- [INSTRUCTIONS TO FOLLOW] Among the entries below, retype exactly the lines starting with the one with "1,733 km Ridden$3,380 Raised2023" and going on through the one with "The rental from", but not the pictures.
[EXERCISE MATERIALS — start]
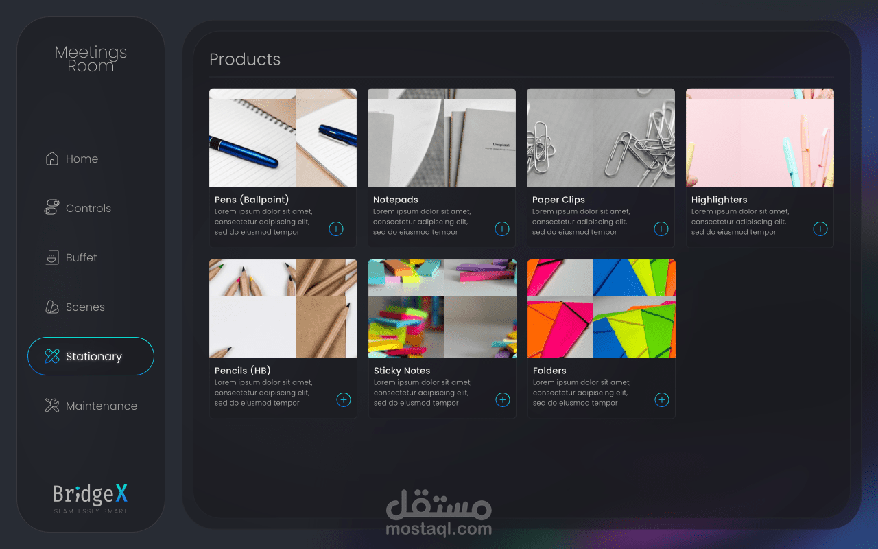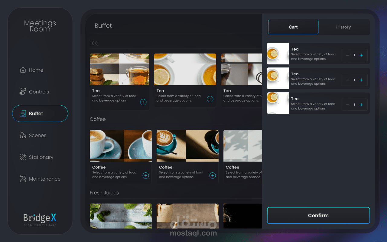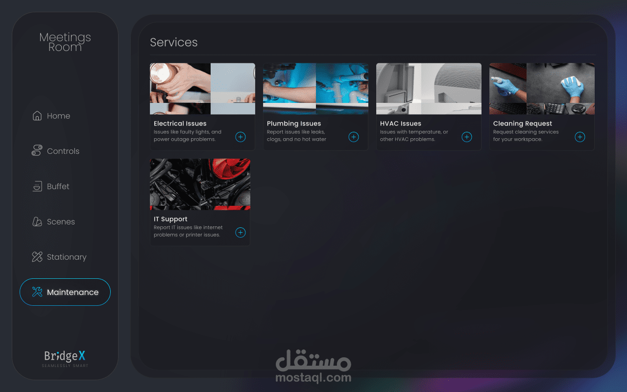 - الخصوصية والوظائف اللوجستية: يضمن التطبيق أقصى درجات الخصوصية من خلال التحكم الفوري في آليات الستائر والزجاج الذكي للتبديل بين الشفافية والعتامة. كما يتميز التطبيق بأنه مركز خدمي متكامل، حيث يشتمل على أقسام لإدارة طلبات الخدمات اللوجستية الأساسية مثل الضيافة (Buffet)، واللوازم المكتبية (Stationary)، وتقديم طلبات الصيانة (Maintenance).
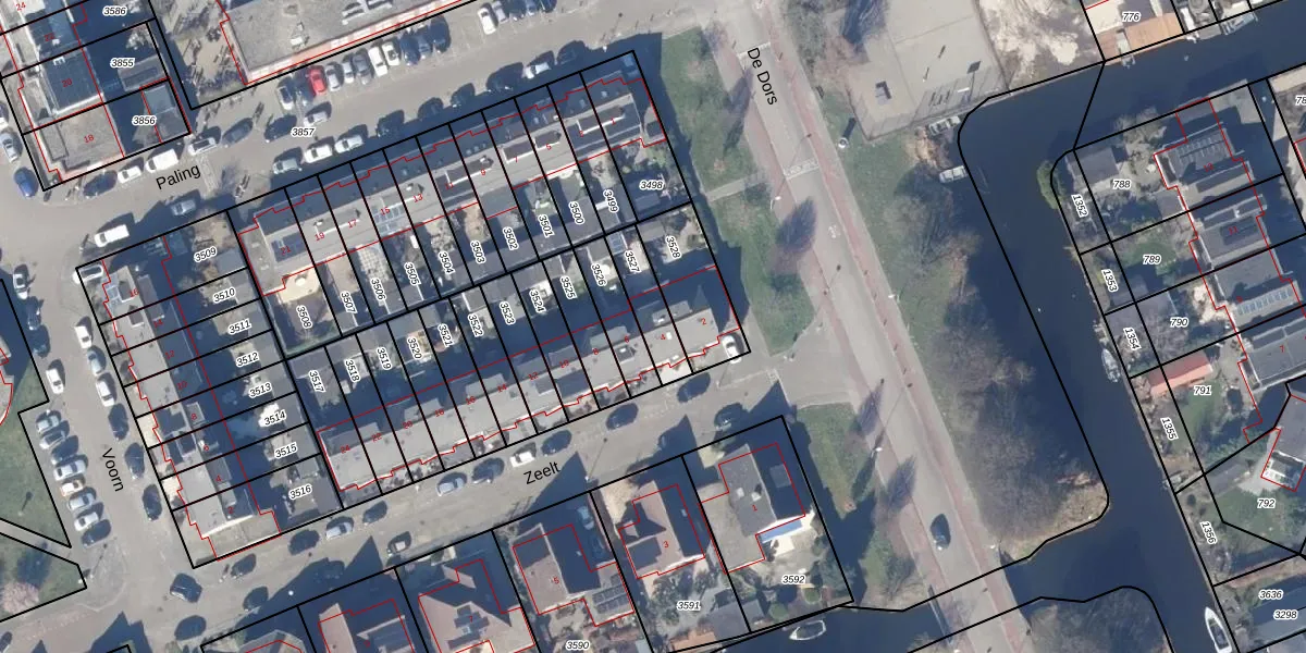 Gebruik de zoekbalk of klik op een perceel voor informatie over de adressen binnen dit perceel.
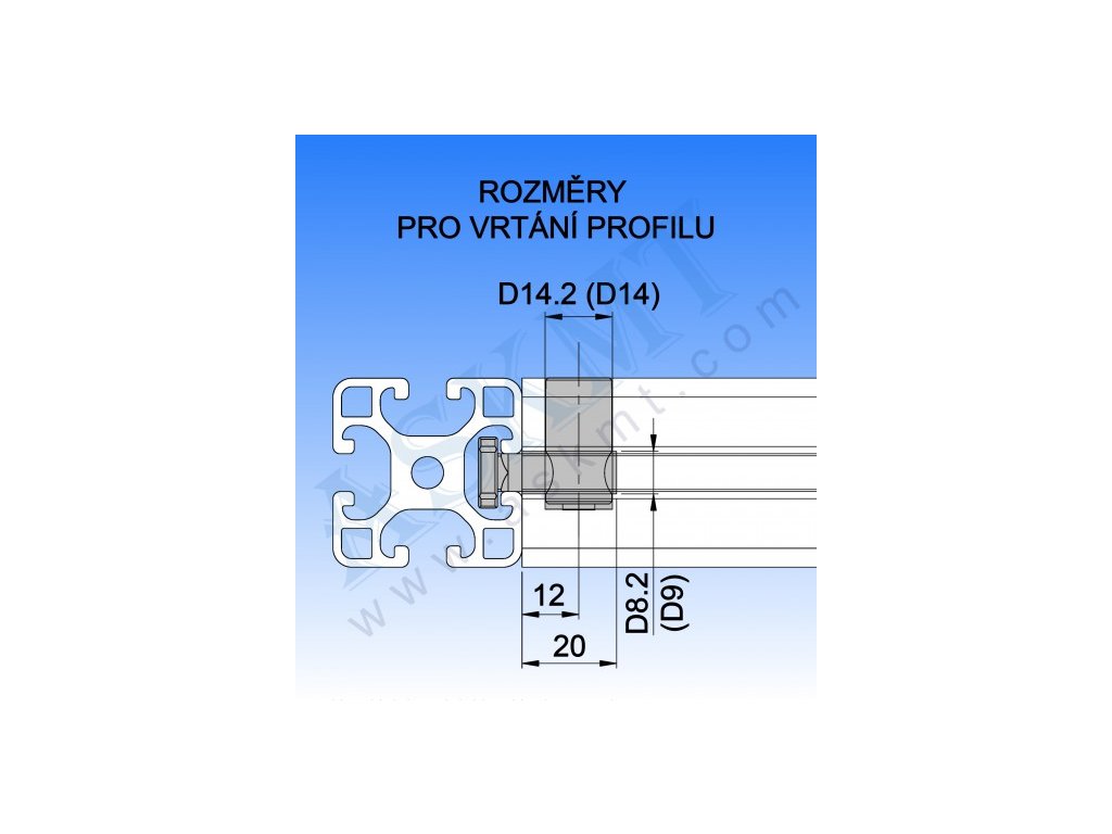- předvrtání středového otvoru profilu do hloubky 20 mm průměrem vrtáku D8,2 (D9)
[EXERCISE MATERIALS — finish]
[EXERCISE MATERIALS — start]
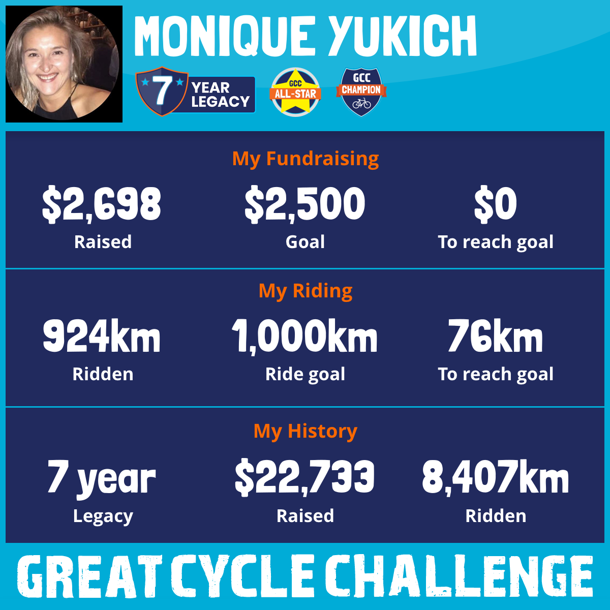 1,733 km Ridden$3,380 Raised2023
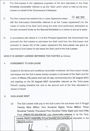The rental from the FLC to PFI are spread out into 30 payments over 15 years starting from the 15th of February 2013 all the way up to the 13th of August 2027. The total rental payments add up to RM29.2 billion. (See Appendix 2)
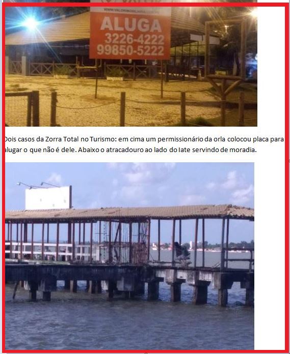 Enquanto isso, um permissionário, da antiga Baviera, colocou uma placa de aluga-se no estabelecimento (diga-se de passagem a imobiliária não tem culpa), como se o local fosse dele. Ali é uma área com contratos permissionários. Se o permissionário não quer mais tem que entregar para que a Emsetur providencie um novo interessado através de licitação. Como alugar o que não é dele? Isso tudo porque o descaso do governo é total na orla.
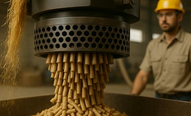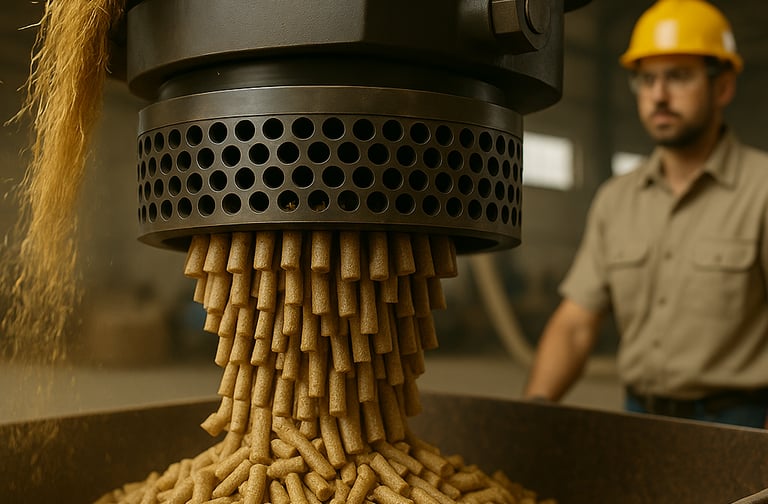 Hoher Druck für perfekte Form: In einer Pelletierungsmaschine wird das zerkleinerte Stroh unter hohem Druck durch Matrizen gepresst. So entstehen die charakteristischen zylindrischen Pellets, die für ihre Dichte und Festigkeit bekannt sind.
[EXERCISE MATERIALS — finish]
- [ANSWER SECTION]
 1,733 km Ridden$3,380 Raised2023
The rental from the FLC to PFI are spread out into 30 payments over 15 years starting from the 15th of February 2013 all the way up to the 13th of August 2027. The total rental payments add up to RM29.2 billion. (See Appendix 2)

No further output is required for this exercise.